Consistently with Katz, the Supreme Court uniformly has held that the application of the Fourth Amendment depends on whether the person invoking its protection can claim a “justifiable,” a “reasonable,” or a “legitimate expectation of privacy” that has been invaded by government action. See, e. g., Rakas v. Illinois, 439 U.S. 128, 143, 99 S.Ct. 421, 430, 58 L.Ed.2d 387 and n. 12 (1978); United States v. Chadwick, 433 U.S. 1, 7, 97 S.Ct. 2476, 2481, 53 L.Ed.2d 538 (1977); United States v. Miller, 425 U.S. 435, 442, 96 S.Ct. 1619, 1623, 48 L.Ed.2d 71 (1976); United States v. Dionisio, 410 U.S. 1, 14, 93 S.Ct. 764, 771, 35 L.Ed.2d 67 (1973). This inquiry, as Mr. Justice Harlan aptly noted in his Katz concurrence, normally embraces two discrete questions. The first is whether the individual, by his conduct, has “exhibited an actual (subjective) expectation of privacy,” 389 U.S. at 361, 88 S.Ct. at 516-whether in the words of the Katz majority, the individual has shown that “he seeks to preserve [something] as private.” Id. at 351, 88 S.Ct. at 511. The second question is whether the individual’s subjective expectation of privacy is “one that society is prepared to recognize as ‘reasonable’,” id. at 361, 88 S.Ct. at 516-whether, in the words of the Katz majority, the individual’s expectation, viewed objectively, is “justifiable” under the circumstances. Id. at 353, 88 S.Ct. 512. See Rakas v. Illinois, 439 U.S. at 143, n. 12, 99 S.Ct. at 430 and Smith v. Maryland, 442 U.S. 735 at 739, 99 5.Ct. 2577 at 2579-2580, 61 L.Ed.2d 220 (1979).
In applying the Katz analysis, it is important to identify precisely the type of electronic interception being examined. Here, the State eavesdropped by “bugging”6 Fairmount Hotel rooms in which appellant and Lipshy met for the ostensible purpose of discussing (1) a libel suit against Zales Corporation, appellant’s former employer, by appellant; (2) a shareholder’s suit filed against the officers of Zales with appellant as the shareholder’s chief witness; and (3) an investigation of Zales by the Internal Revenue Service with appellant again as the principal witness. During the course of the meetings the communications between appellant and Lipshy were being transmitted by the “bug” directly to a human ear and a recording device in an adjacent room. Without more, such warrantless invasion of privacy is manifestly impermissible. United States v. United States District Court, 407 U.S. 297, 92 S.Ct. 2125, 32 L.Ed.2d 752 (1972).
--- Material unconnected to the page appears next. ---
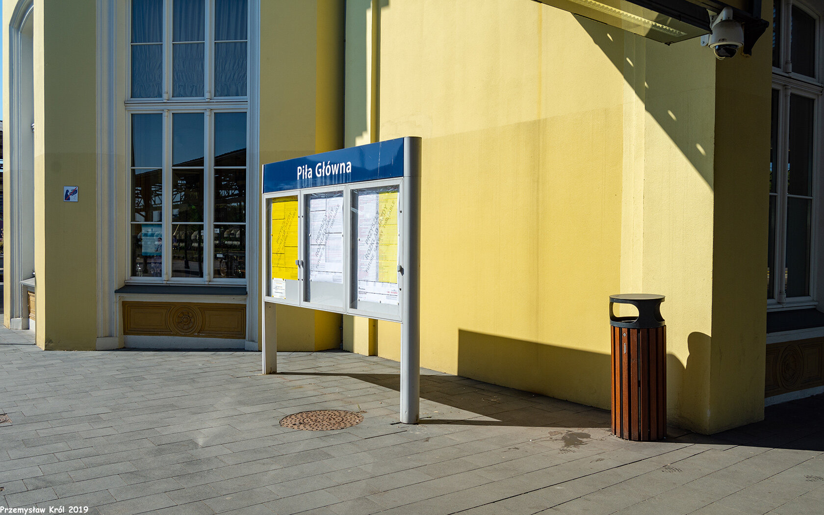 Tablica z rozkładem jazdy pod budynkiem dworca kolejowego w Pile.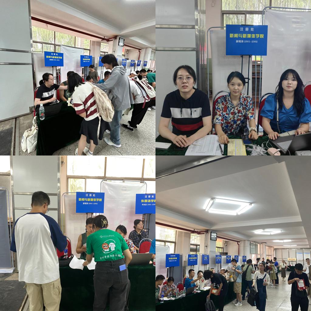副书记吴锋教授、新媒体2301班班主任朱利平、新媒体2302班班主任刘丹前往兴庆校区南门迎新一线,与书院一同迎接新生。

As the majority recites, though, “all three conversations were taped by employees of the district attorney’s office with Lipshy’s permission.’’ So, while a warrant was never obtained, the State would have it that Lipshy, a party to the transmitted conversations, gave his effective consent to the “bugging” of the hotel room.7 But what the State argues, although it does not cite them, is the “misplaced trust” doctrine enunciated and developed in such cases as Lopez v. United States, 373 U.S. 427, 83 S.Ct. 1381, 10 L.Ed.2d 462 (1963); Hoffa v. United States, 385 U.S. 293, 87 S.Ct. 408, 17 L.Ed.2d 374 (1966) and Lewis v. United States, 385 U.S. 206, 87 S.Ct. 424, 17 L.Ed.2d 312 (1966). Restated, in United States v. White, 401 U.S. 745, 749, 91 S.Ct. 1122, 28 L.Ed.2d 453 (1971), that doctrine means:
“... [H]owever strongly a defendant may trust an apparent colleague, his expectations in this respect are not protected by the Fourth Amendment when it *585turns out that the colleague is a government agent regularly communicating with the authorities. In these circumstances, ‘no interest legitimately protected by the Fourth Amendment is involved,’ for that amendment affords no protection to ‘a wrongdoer’s misplaced belief that a person to whom he voluntarily confides his wrongdoing will not reveal it.’ Hoffa v. United States, [385 U.S.] at 304 [87 S.Ct. at 414]. No warrant to ‘search and seize’ is required in such circumstances, nor is it when the Government sends to defendant’s home a secret agent who conceals his identity and makes a purchase of narcotics from the accused, Lewis v. United States, 385 U.S. 206, 87 S.Ct. 206,17 L.Ed.2d 312 (1966), or when the same agent, unbeknown to the defendant, carries electronic equipment to record the defendant’s words and the evidence so gathered is later offered in evidence. Lopez v. United States, 373 U.S. 427, 83 S.Ct. 1381, 10 L.Ed.2d 462 (1963).”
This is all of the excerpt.